**Exercise requirements:** For this exercise, reproduce each entry below exactly, excluding pictures.

Entries taken from a collection:
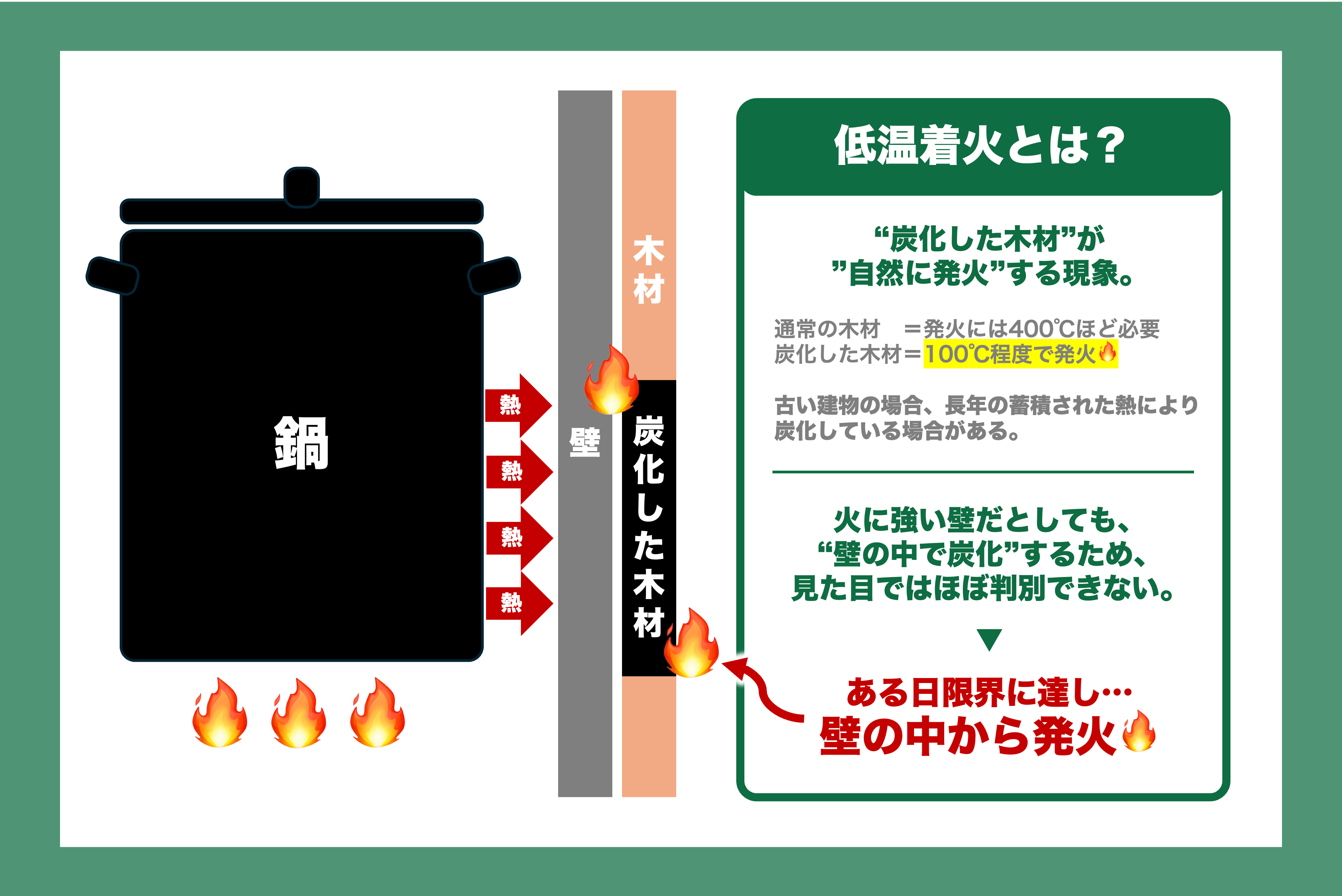 炭化した木材は熱に強い材質で覆った壁の中でも、100度程度で自然に発火してしまうようです。
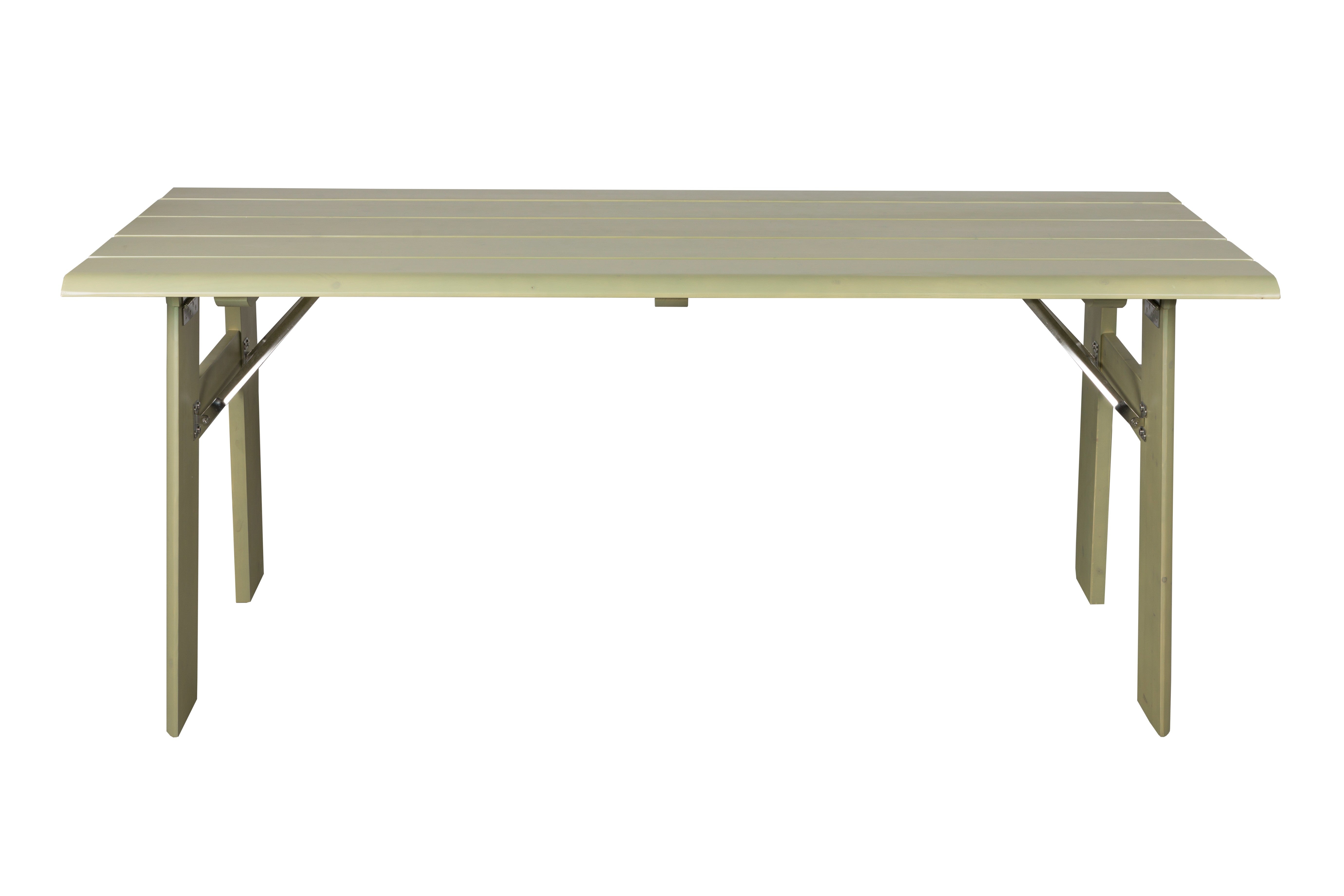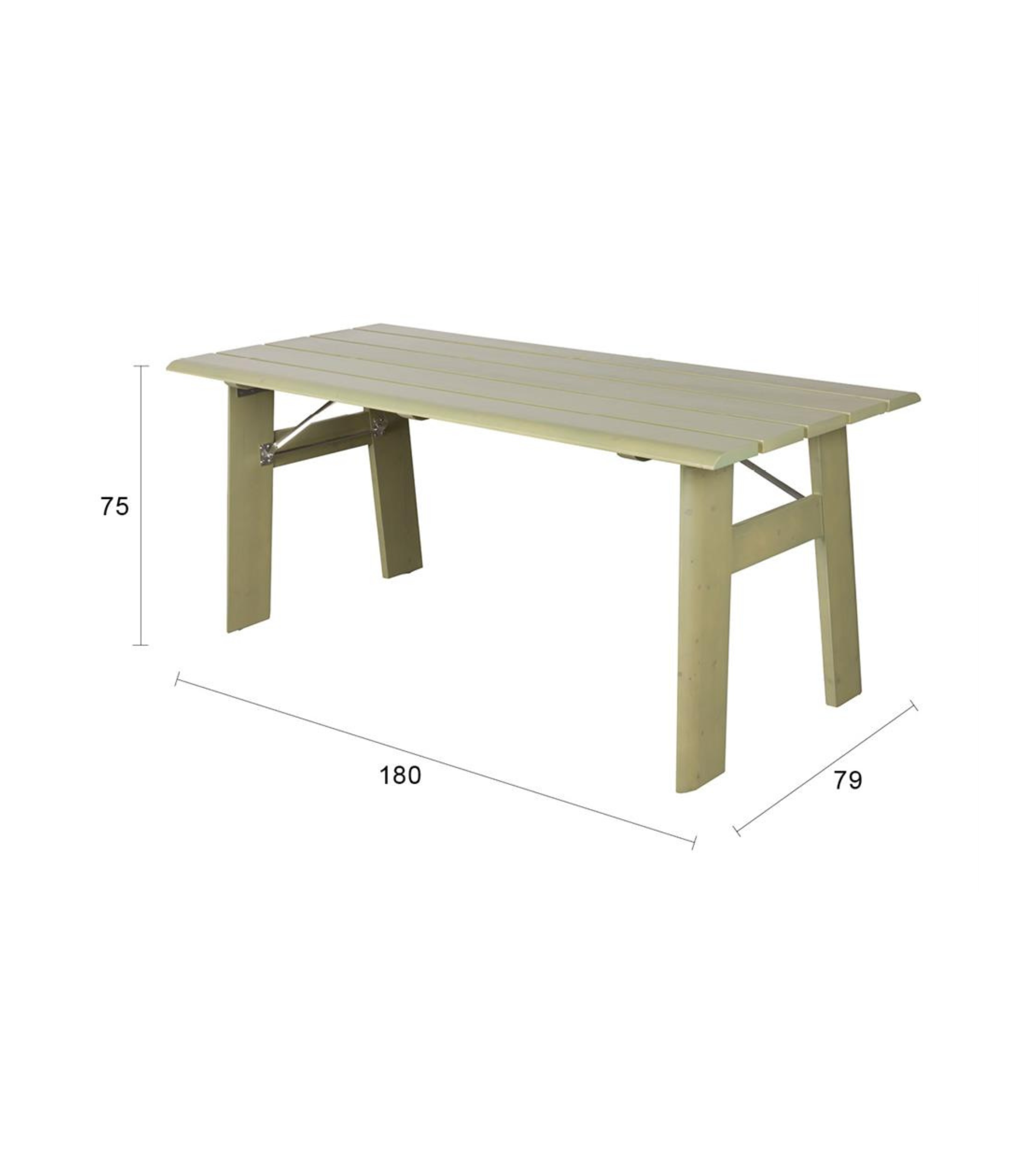 As soon as the first rays of sunshine appear, the Avenue garden table is ready to accompany you in your summer moments of relaxation. With its folding design, you can set it up in the blink of an eye, and in case of sudden rain, you can just as quickly fold it away and store it. The green color of the wood gives the table a fresh and natural look that perfectly complements the garden surroundings. The rounded edges not only add elegance but also enhance user comfort.
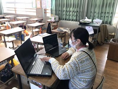 令和4年12月16日(金)、5年生はこの日はリモートで授業を行いました。1組は、初めて担任以外の担当が英語や理科の授業をリモートで行いました。
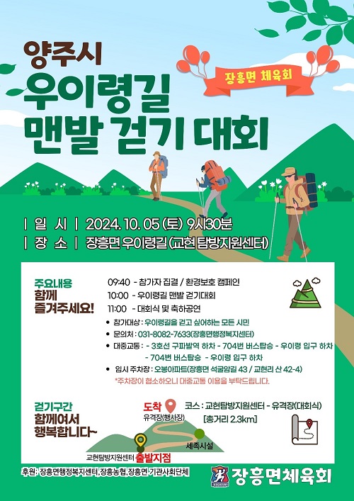 ¾çÁÖ½Ã(½ÃÀå °¼öÇö)°¡ ÀåÈï¸éüÀ°È¸(ȸÀå ±è¼ºÀç)¿¡¼ ½Ã¹Î °Ç° ÁõÁø ¹× ¿ìÀÌ·É È«º¸¸¦ À§ÇØ ‘2024³â ÀåÈï¸é ¿ìÀÌ·É ¸Ç¹ß °È±â´ëȸ’¸¦ ¿À´Â 10¿ù 5ÀÏ(Åä) °³ÃÖÇÑ´Ù.
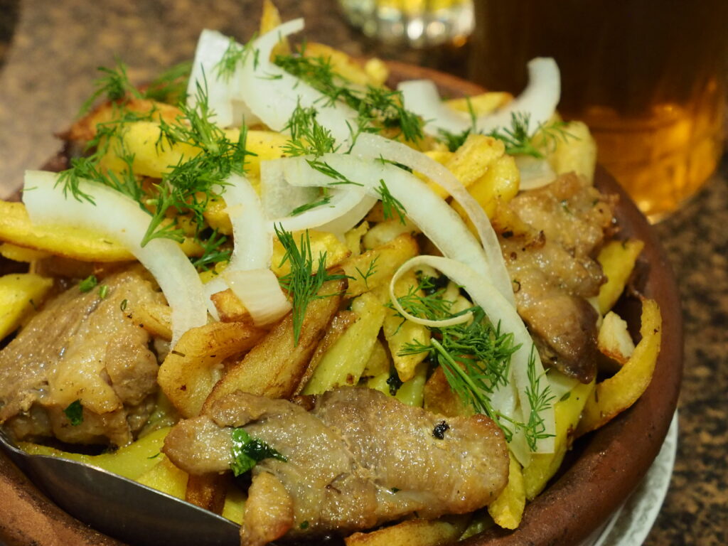ニンニク肉じゃがみたいな、存在感がぶつかり合う大きなフライドポテトとマリネされた大きな肉の豪快な料理。ニンニクスメルと塩味、イモと肉のそれぞれの甘みが溢れるジョージア定番のおかず。見た目まんまの味でではあるが、豚肉の甘みとジューシーさには驚かされることが多い。その旨味を吸ったイモも最高。
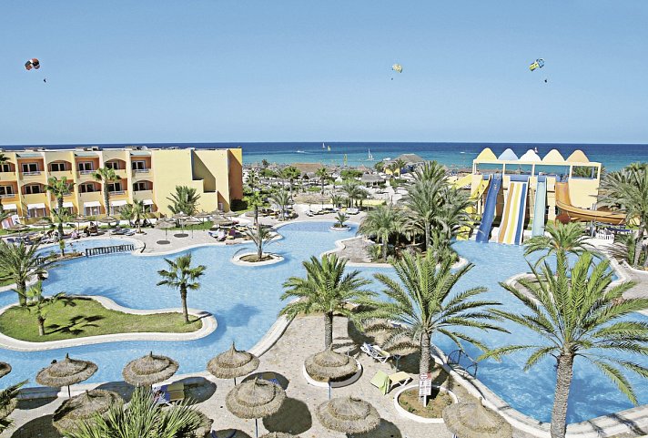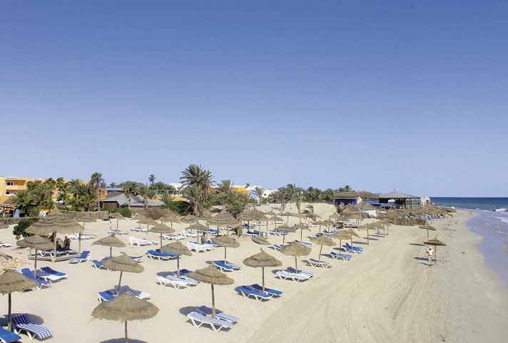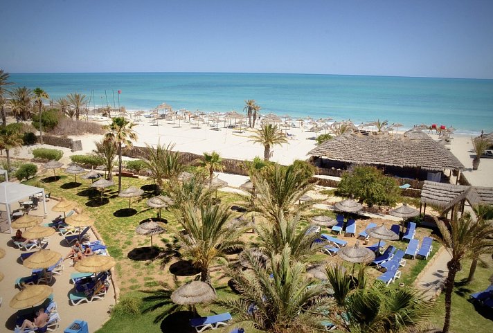 Die Anlage gleicht einer wunderbaren Oase auf der schönen Insel Djerba. Sie liegt direkt am Naturstrand und ist umgeben von einem Garten mit Palmen und Olivenbäumen. Familien verbringen hier wunderbaren Urlaub, für die Kleinen gibt es nämlich einen Aquapark!
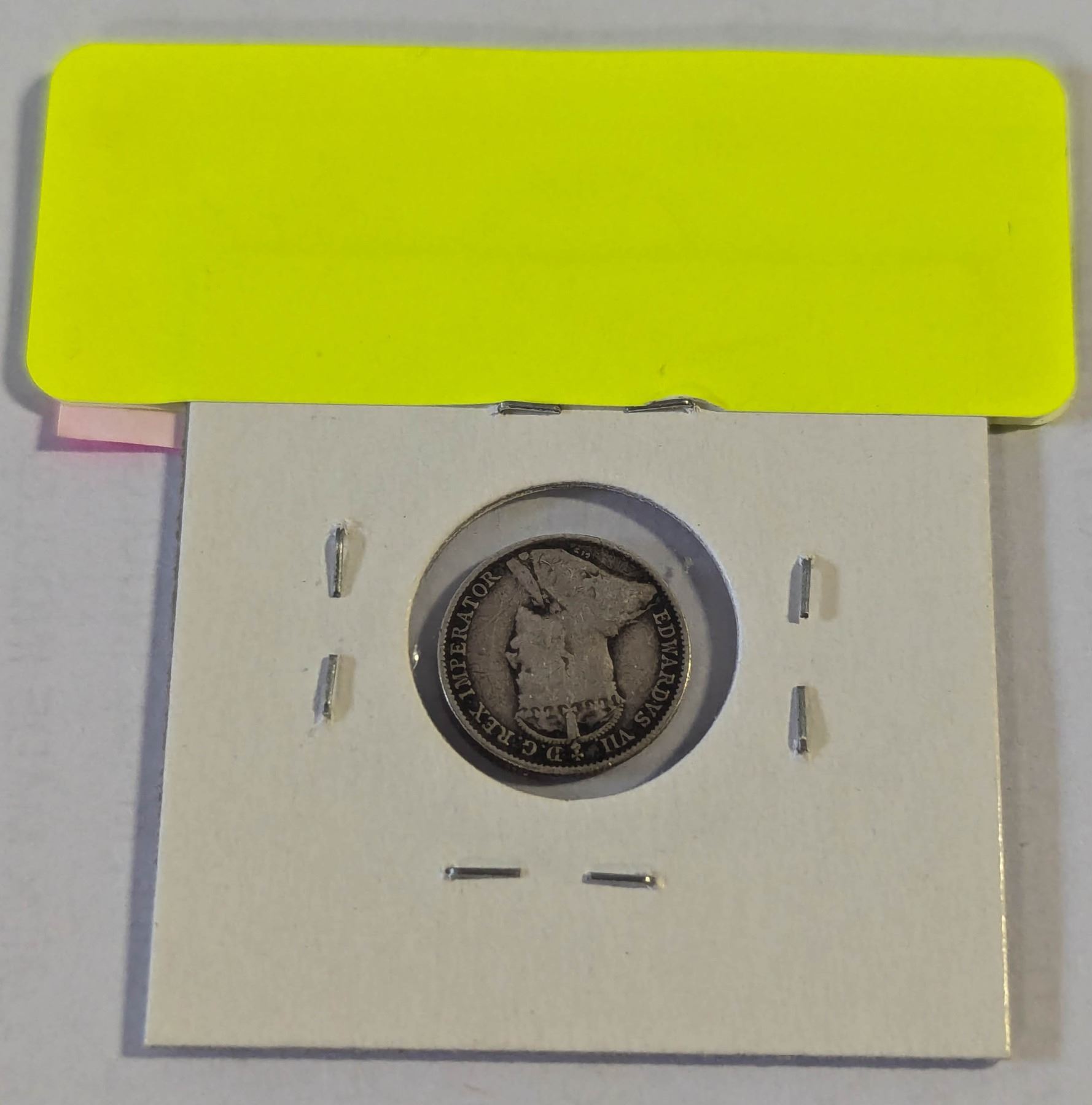 1907 SILVER CANADA 5 CENTS FISHSCALE COIN

**Exercise response:**
 炭化した木材は熱に強い材質で覆った壁の中でも、100度程度で自然に発火してしまうようです。
 As soon as the first rays of sunshine appear, the Avenue garden table is ready to accompany you in your summer moments of relaxation. With its folding design, you can set it up in the blink of an eye, and in case of sudden rain, you can just as quickly fold it away and store it. The green color of the wood gives the table a fresh and natural look that perfectly complements the garden surroundings. The rounded edges not only add elegance but also enhance user comfort.
 令和4年12月16日(金)、5年生はこの日はリモートで授業を行いました。1組は、初めて担任以外の担当が英語や理科の授業をリモートで行いました。
 ¾çÁÖ½Ã(½ÃÀå °¼öÇö)°¡ ÀåÈï¸éüÀ°È¸(ȸÀå ±è¼ºÀç)¿¡¼ ½Ã¹Î °Ç° ÁõÁø ¹× ¿ìÀÌ·É È«º¸¸¦ À§ÇØ ‘2024³â ÀåÈï¸é ¿ìÀÌ·É ¸Ç¹ß °È±â´ëȸ’¸¦ ¿À´Â 10¿ù 5ÀÏ(Åä) °³ÃÖÇÑ´Ù.
ニンニク肉じゃがみたいな、存在感がぶつかり合う大きなフライドポテトとマリネされた大きな肉の豪快な料理。ニンニクスメルと塩味、イモと肉のそれぞれの甘みが溢れるジョージア定番のおかず。見た目まんまの味でではあるが、豚肉の甘みとジューシーさには驚かされることが多い。その旨味を吸ったイモも最高。
 Die Anlage gleicht einer wunderbaren Oase auf der schönen Insel Djerba. Sie liegt direkt am Naturstrand und ist umgeben von einem Garten mit Palmen und Olivenbäumen. Familien verbringen hier wunderbaren Urlaub, für die Kleinen gibt es nämlich einen Aquapark!
 1907 SILVER CANADA 5 CENTS FISHSCALE COIN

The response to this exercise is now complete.